566a Systematic Investigation of E. Coli Ai-2 Quorum Sensing Circuit Reveals Alternative Synthesis Pathways

Jun Li1, Liang Wang2, Yoshifumi Hashimoto3, Chenyu Tsao2, Thomas K. Wood4, and William E. Bentley5. (1) Center for Biosystem Research & Chemical and Biomolecular Department, University of Maryland, College Park, MD 20742, (2) University of Maryland Biotechnology Institute, College Park, College Park, MD 20742, (3) University of Maryland, College Park, 6143 Plant Science Bldg, College Park, MD 20742, (4) Artie McFerrin Department of Chemical Engineering, Texas A&M University, 200 Jack E. Brown Building, MS 3122, College Station, TX 77843-3122, (5) Center for Biosystem Research & Chemical and Biomolecular Engineering Department, University of Maryland Biotechnology Institute, College Park, 6140 Plant Science building, Univeristy of Maryland, College Park, MD 20742

Quorum sensing (QS) has emerged as an important determinant of bacterial phenotype. Pathogenicity, biofilm formation, and conjugation are among the many factors regulated by intricate and multimodal QS signal transduction processes. In particular, the LuxS/AI-2 QS system has received intense scrutiny due to its conserved nature among Eubacteria, consequently AI-2 has been described as a “universal” signal molecule.
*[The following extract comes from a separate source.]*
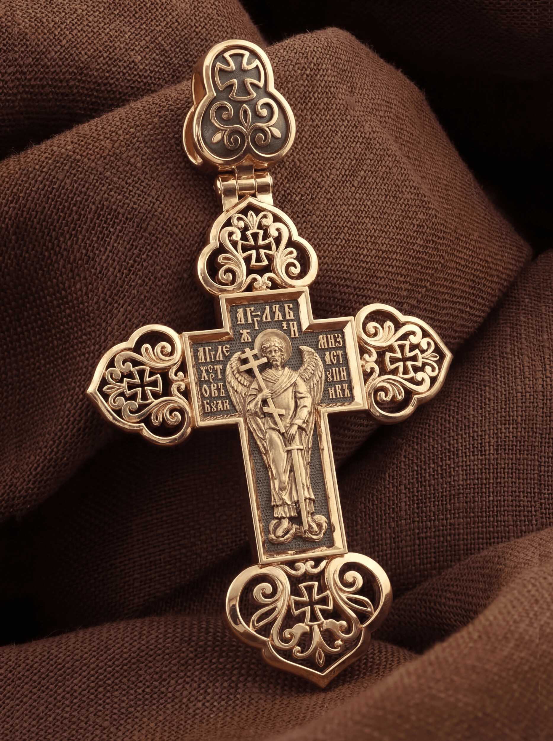 Оборотную сторону креста возглавляет Ангел Хранитель с крестом и мечом: ими он защищает человека от злых духовных и физических нападений. Ангел не может нарушить свободу воли человека, поэтому его надо молитвенно просить о помощи: «Ангеле Христов, буди ми заступник», — эта молитва написана вокруг его образа.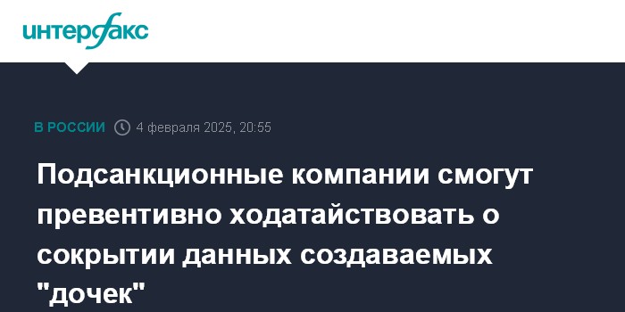 Подсанкционные компании смогут превентивно ходатайствовать о сокрытии данных создаваемых "дочек"

In order to understand the hierarchical organization of this genetic circuit, a comprehensive approach incorporating stochastic simulations was developed. We have investigated the synthesis, uptake, and regulation of AI-2, developed testable hypotheses, and revealed new insight on this genetic circuit: (1) mRNA transcript and protein levels of AI-2 synthases, Pfs and LuxS, do not contribute to the dramatically increased level of AI-2 found when cells are grown in the presence of glucose; (2) a concomitant increase in metabolic flux through this synthesis pathway in the presence of glucose only partially accounts for this difference. We predicted that “high-flux” alternative pathways or additional biological steps are involved in AI-2 synthesis; and (3) subsequent experimental results validate this hypothesis. This work demonstrates the utility of linking cell physiology with systems-based stochastic models that can be assembled de novo with partial knowledge of biochemical pathways.